* **Source material**:
>>>
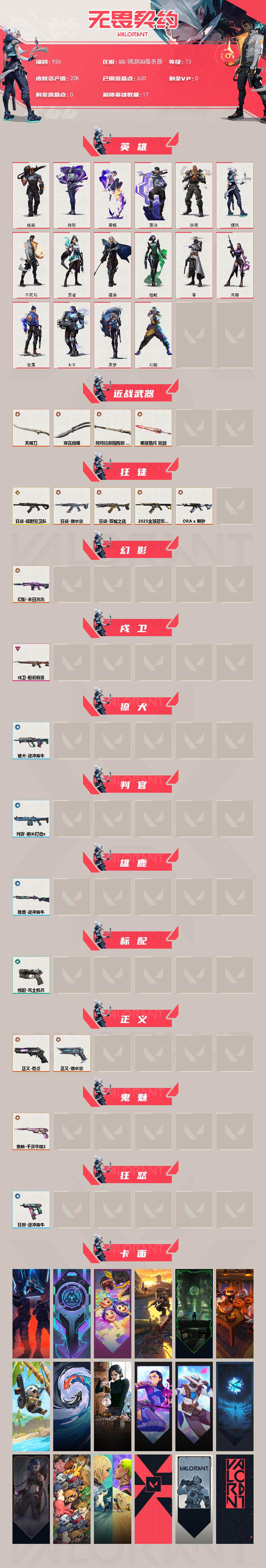 [14657549]【英雄】:幻棱,炼狱,维斯,暮蝶,壹决,铁臂,捷风,不死鸟,贤者,猎枭,蝰蛇,零,芮娜,夜露,k/o,黑梦 【近战 武器】:近战武器-穿花蝴蝶,近战武器-天御刀,近战武器-阿特拉斯指挥部 甩棍,近战武器-星际猎兵 短剑 【狂徒】:狂徒-超时空卫队,狂徒-2025全球冠军赛,狂徒-双城之战,狂徒-塑水宗,狂徒-a x 颗秒 【幻影】:幻影-末日泡泡 【戍卫】:戍卫-般若假面 【獠犬】:獠犬-逆冲蛮牛 【判官】:判官-纳米打击x 【雄鹿】:雄鹿-逆冲蛮牛 【标配】:标配-荒土机兵 【正义】:正义-奇点,正义-塑水宗 【鬼魅】:鬼魅-千灵华绽//2.0 【狂怒】:狂怒-逆冲蛮牛 【卡面】:纳米打击 卡面,抑制技术 卡面,瓦娃脸雪糕 p2 卡面,荒土机兵 卡面,欢迎来到底城 卡面,南瓜盛典 卡面,树懒大作战 卡面,红鳞松叶 卡面,虹吸式咖啡壶 卡面,无畏契约go!第一卷:芮娜 卡面,无畏契约go!第一卷:零 卡面,无垠星环 卡面,《双城之战》金克丝 卡面,同步耍酷 卡面,钢锁vs盖可 卡面,代号红色 卡面,新兵报到 卡面,v契约 卡面,无畏契约 卡面 【喷漆】:纳米打击 喷漆,独守蝰腹 喷漆,通缉:战术企鹅 喷漆,荒土机兵 喷漆,都算到了 喷漆,蛋糕还是爆能器? 喷漆,买装还是存钱 喷漆,关门放狗 喷漆,放下武器 喷漆,胜利属于无畏契约 喷漆,glhf 喷漆,无畏契约 喷漆 【挂饰】:水壶 挂饰,纳米打击 挂饰,第九季//第三幕 纪念币 挂饰,z世代特饮 挂饰,动力机箱 挂饰,天外飞客 挂饰,海豹的认可 挂饰,无畏契约 纪念币 挂饰
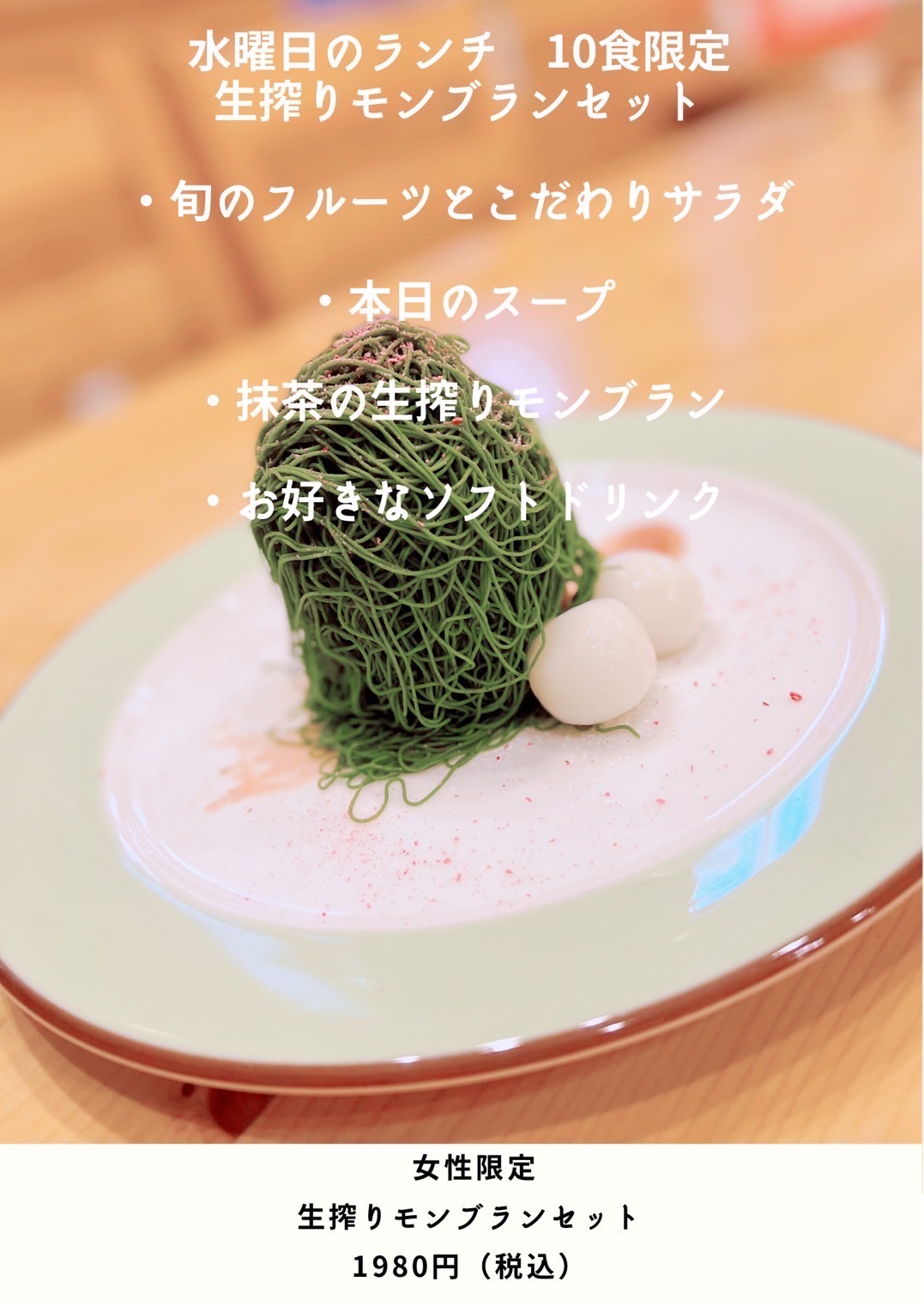 本日25日(水)は「生搾りモンブランランチセット」の日![]()
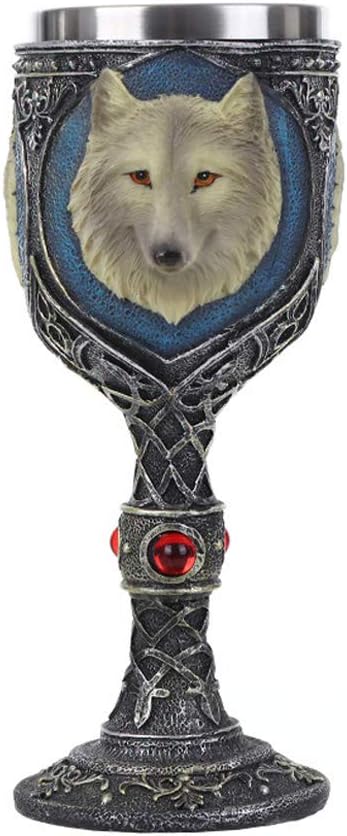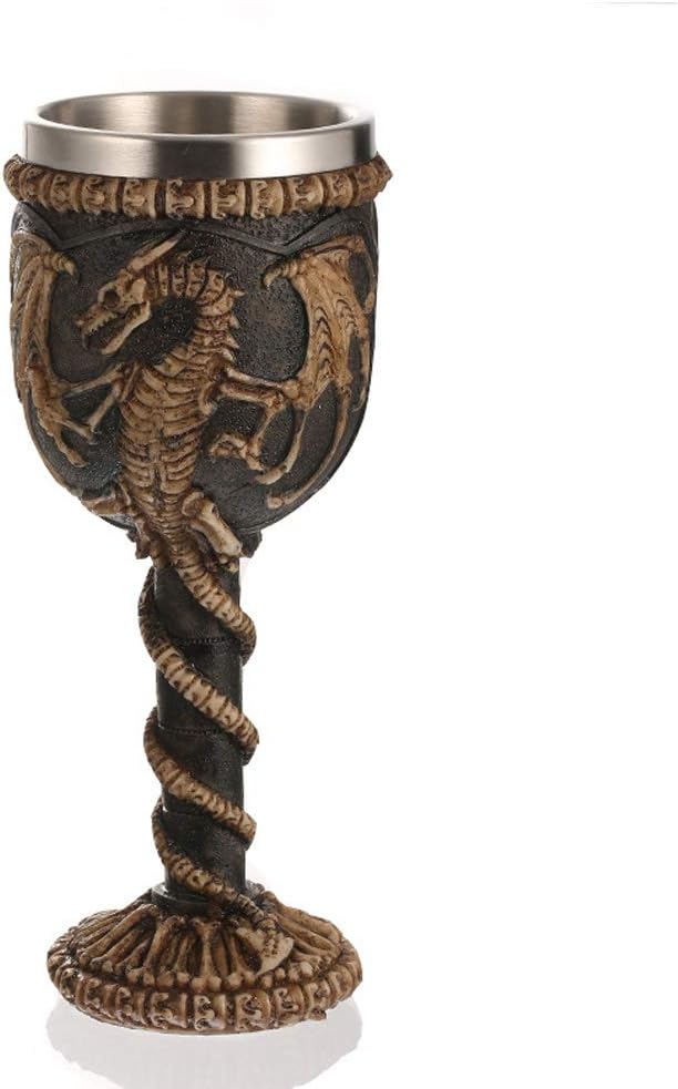 Материал: Чаша за вино с череп, изработена от метал и смола.
<<<
* **Brief**: The pictures in the data should be omitted, and every remaining line set down exactly.

* **Reply to the exercise**:
 [14657549]【英雄】:幻棱,炼狱,维斯,暮蝶,壹决,铁臂,捷风,不死鸟,贤者,猎枭,蝰蛇,零,芮娜,夜露,k/o,黑梦 【近战 武器】:近战武器-穿花蝴蝶,近战武器-天御刀,近战武器-阿特拉斯指挥部 甩棍,近战武器-星际猎兵 短剑 【狂徒】:狂徒-超时空卫队,狂徒-2025全球冠军赛,狂徒-双城之战,狂徒-塑水宗,狂徒-a x 颗秒 【幻影】:幻影-末日泡泡 【戍卫】:戍卫-般若假面 【獠犬】:獠犬-逆冲蛮牛 【判官】:判官-纳米打击x 【雄鹿】:雄鹿-逆冲蛮牛 【标配】:标配-荒土机兵 【正义】:正义-奇点,正义-塑水宗 【鬼魅】:鬼魅-千灵华绽//2.0 【狂怒】:狂怒-逆冲蛮牛 【卡面】:纳米打击 卡面,抑制技术 卡面,瓦娃脸雪糕 p2 卡面,荒土机兵 卡面,欢迎来到底城 卡面,南瓜盛典 卡面,树懒大作战 卡面,红鳞松叶 卡面,虹吸式咖啡壶 卡面,无畏契约go!第一卷:芮娜 卡面,无畏契约go!第一卷:零 卡面,无垠星环 卡面,《双城之战》金克丝 卡面,同步耍酷 卡面,钢锁vs盖可 卡面,代号红色 卡面,新兵报到 卡面,v契约 卡面,无畏契约 卡面 【喷漆】:纳米打击 喷漆,独守蝰腹 喷漆,通缉:战术企鹅 喷漆,荒土机兵 喷漆,都算到了 喷漆,蛋糕还是爆能器? 喷漆,买装还是存钱 喷漆,关门放狗 喷漆,放下武器 喷漆,胜利属于无畏契约 喷漆,glhf 喷漆,无畏契约 喷漆 【挂饰】:水壶 挂饰,纳米打击 挂饰,第九季//第三幕 纪念币 挂饰,z世代特饮 挂饰,动力机箱 挂饰,天外飞客 挂饰,海豹的认可 挂饰,无畏契约 纪念币 挂饰
 本日25日(水)は「生搾りモンブランランチセット」の日![]()
 Материал: Чаша за вино с череп, изработена от метал и смола.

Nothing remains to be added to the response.